Максимилиан Волошин - Россия распятая
— «Ну, эти смотреть не стоит — это совсем новенькие: времен Алексея Михайловича…»[5]
При этом в тоне его слышалось и конфузливое извинение, как у владельца галереи старых мастеров, который торопится поскорее провести знатока-посетителя мимо случайно затесавшегося портрета кисти современного плохонького живописца.
Это глубокое пренебрежение к искусству времен первых Романовых, как к непростительной новизне, наивно высказанное в тот самый день, которым заключалась история династии, было поразительно. Я не преувеличу, если скажу, что изо всех впечатлений, полученных в дни февральской Революции, оно было самым глубоким и плодородным. Оно сразу создавало историческую перспективу, отодвигая целое трехсотлетие русской истории в глубину и позволяя осознать всю историю дома Романовых и Петербургский период как отжитый исторический эпизод.
Следующее, еще более глубокое впечатление пришло через несколько дней.
На Красной площади был назначен революционный парад в честь Торжества Революции.[6]
Таяло. Москву развезло. По мокрому снегу под кремлевскими стенами проходили войска и группы демонстрантов.

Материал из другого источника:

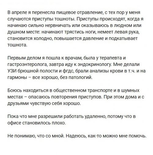 связывает с какими-то физическими проблемами, считает признаком болезни. | атака, — кажется, что с вами |
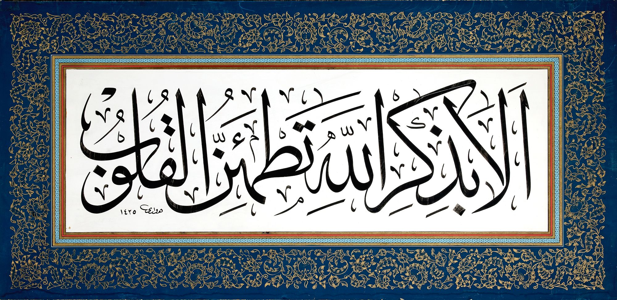 Arabic manuscript on paper, written in elegant large black thuluth script Quran 13 surah Al-Ra'd v.28. with gilt and polychrome borders, the outer border gilt with arabesque on a blue ground. Written by the calligrapher Mahmoud Hawary (1939-2010). 97 by 47 cm.
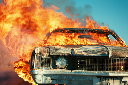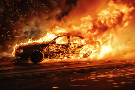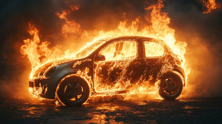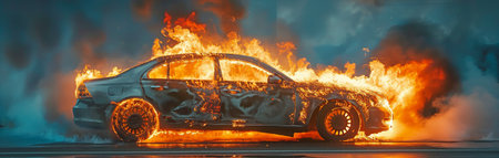 A car on fire, with fiery flames and thick smoke, representing destruction and chaos in a vivid, high-impact scene.
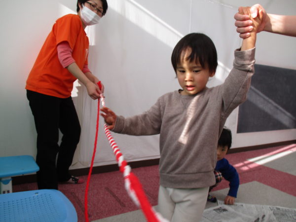 お友達に「いいよ」「新聞持って」など声をかけながら道を作っていきます。
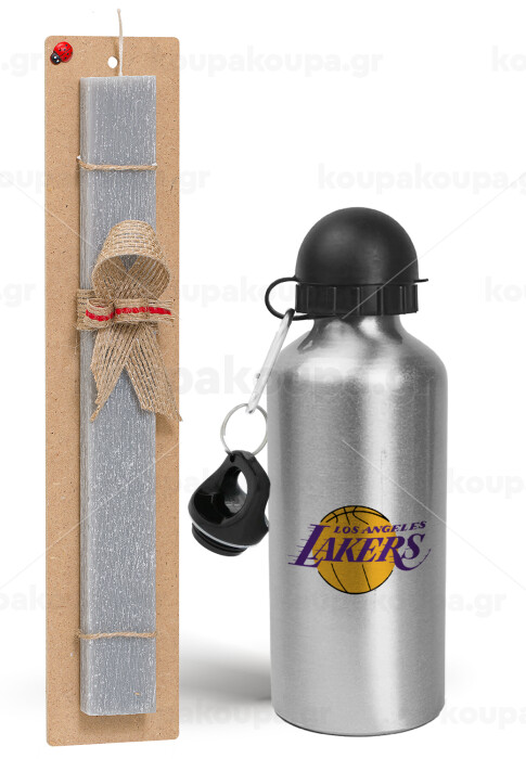 Lakers, Easter Set, metallic silver aluminum water bottle (500ml) & aromatic flat Easter candle (30cm) (GRAY)
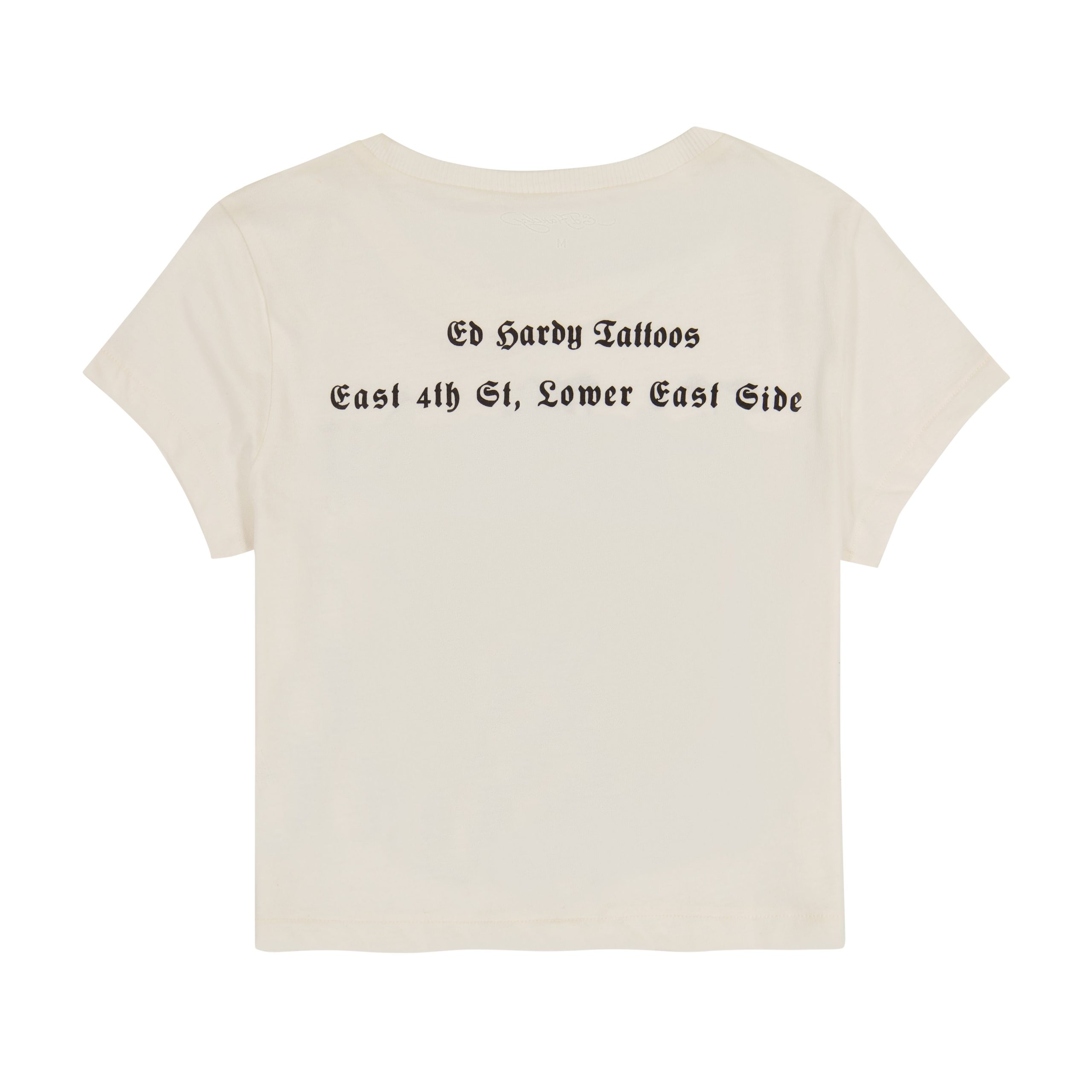 Our classic baby tee silhouette featuring a signature Ed Hardy flame skull graphic. Constructed from a soft cotton blend and complete with an archival Ed Hardy logo.
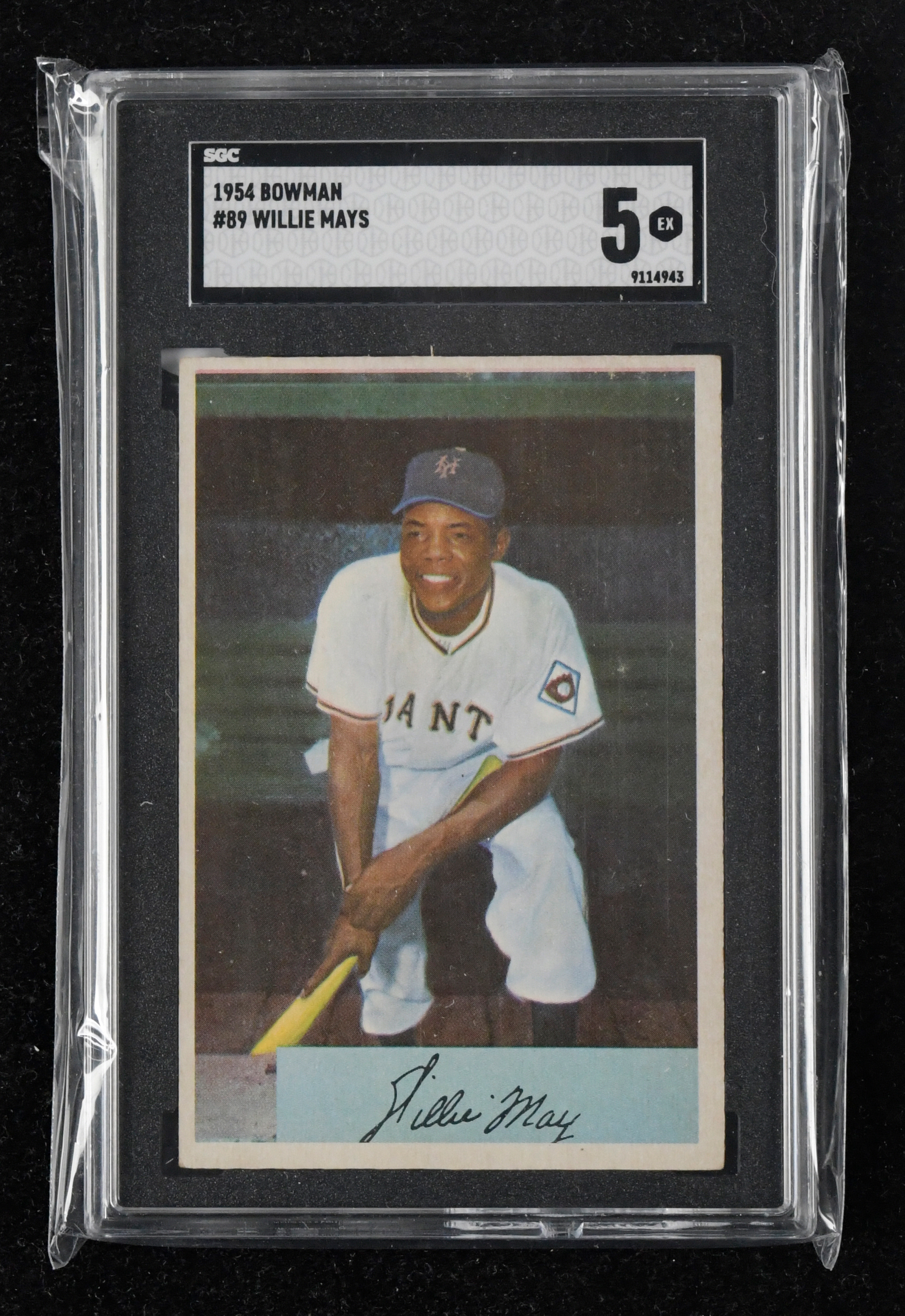 Description:1954 Bowman #89 Willie Mays (SGC 5 EX; eBay authenticated). Classic card of the Hall of Famer is centered to the top and left, with moderate touches of wear to all four corners. Front and back surfaces are clean: SGC 5 EX. Card has passed through the eBay authentication program, with seal intact. ($500-$750)
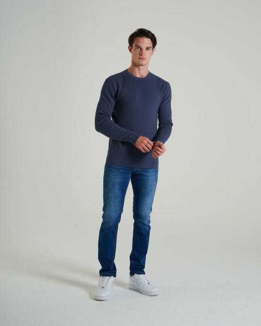 Strukturierter Strickpullover Mit Rundhalsausschnitt, Gerippte Bündchen Und Saum, Diesel-Markenabzeichen.

На красных плакатах впервые в этот день появились слова: «Без аннексий и контрибуций».
Благодаря отсутствию полиции в Москву из окрестных деревень собралось множество слепцов, которые, расположившись по папертям и по ступеням Лобного места, заунывными голосами пели древнерусские стихи о Голубиной книге[7] и об Алексее — человеке Божием.[8]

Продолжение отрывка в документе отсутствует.